Sep 10 05:22:04 L1 systemd[1]: vfs.service: Changed running -> stop
Sep 10 05:22:04 L1 systemd[1]: vfs.service: Forked /bin/fusermount as 17146
Sep 10 05:22:04 L1 systemd[1]: vfs.service: About to execute: /bin/fusermount -uz /mnt/remote
Sep 10 05:22:04 L1 systemd[1]: vfs.service: Enqueued job vfs.service/stop as 207557
Sep 10 05:22:04 L1 systemd[1]: vfs.service: Installed new job vfs.service/stop as 207557
Sep 10 05:22:04 L1 systemd[1]: vfs.service: Trying to enqueue job vfs.service/stop/replace
Sep 10 05:19:14 L1 systemd[1]: vfs.service: Unknown serialization key: ref-gid

The issue is I have too many logs at this point, I probably should wipe everything and crash it again,

I think the lines just below that are your key as a person/process/something issues a stop on rclone.

Something 'stopped' it based on that log.

What's the current service file you are running with that service?

(Sorry, I pasted the wrong line in the first time and had to edit my post)

It could be me stopping / starting it after it crashed? Hard to know...

[Unit]
Description=Rclone VFS Mount
After=network-online.target

[Service]
User=user
Group=user
Type=notify
ExecStartPre=/bin/sleep 10
ExecStart=/usr/bin/rclone mount
--user-agent='Mozilla/5.0 (Windows NT 10.0; Win64; x64) AppleWebKit/537.36 (KHTML, like Gecko) Chrome/74.0.3729.131 Safari/537.36'
--config=/home/user/.config/rclone/rclone.conf
--allow-other
--rc
--rc-addr=localhost:5572
--drive-skip-gdocs
--vfs-read-chunk-size=10M
--vfs-read-chunk-size-limit=0
--buffer-size=20M
--poll-interval=1m
--no-modtime
--dir-cache-time=24h
--timeout=10m
--drive-chunk-size=64M
--umask=002
--log-level DEBUG
--log-file /opt/rclone/logs/rclone.log
1: /mnt/remote
ExecStop=/bin/fusermount -uz /mnt/remote
KillMode=none
RestartSec=5

[Install]
WantedBy=default.target

If you can timestamp when you are starting it, that might be helpful as well.

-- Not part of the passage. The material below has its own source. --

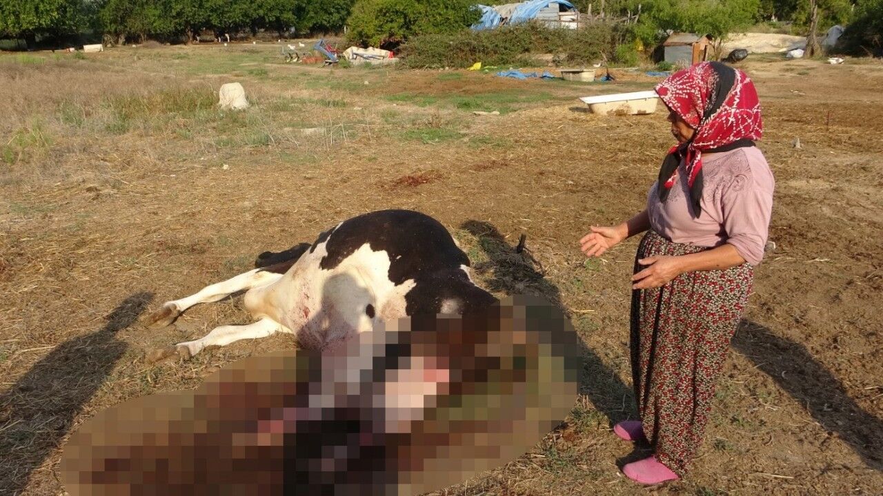 Gece köpek sesi duyduklarını belirten Şehri Yılmaz “En az 7-8 tane köpek vardı. Eşim kalkıp inekleri kontrol etti. Bir şey olmadığını söyleyerek geri geldi. Sabah saat 05.00 sıralarında ineği sağmak ve yemlemek için geldiğimde ineğin öldüğünü gördüm. Biz bu sokak köpeklerinden bıktık. İneğimiz köpeklerden kendisini kurtarabilmek için burada dönüp durmuş. İpin uzandığı yerler hep kan olmuş. Benim tek gelirim bu inekti. Diğer ineklerim süt vermiyor. Bu ineğin 2 aylık buzağısı da öksüz kaldı. Bu köpeklere çok sahip çıkılıyor. İneği, hayvanı hatta çocuğu parçalıyor ama bir sonuç yok. İnek ölüyor köpek haklı, geçenlerde kuzuyu parçaladı köpek haklı. Şimdi diğer ineklerimin başına aynı şeyin gelmesinden korkuyorum. Ahırımız var ama kapısı yok. Hayvanlar sıcaktan bunalmasın diye evimizin önüne bağlıyoruz. Bir başka ineğimin de memesini dişlemişler. Kantaron yağı sürdüm. Bu köpeklerle nasıl baş edeceğimizi bilemiyorum” diye konuştu.

The only thing that I've seen that causes a systemd to stop otherwise would be a require.

Like I do a requires so my torrent stuff stops if my mount goes away:

Requires=gmedia.service
After=network-online.target gmedia.service

But you don't have that in your service file so nothing should stop it.

It is indeed a mystery...

I cleaned my logs with:

journalctl --rotate
journalctl --vacuum-time=1s

In about 12 hours I can try to crash the mount again, with empty logs, it will easier to find whats happening

I feel like if we find the end of this tunnel, we should play the lottery.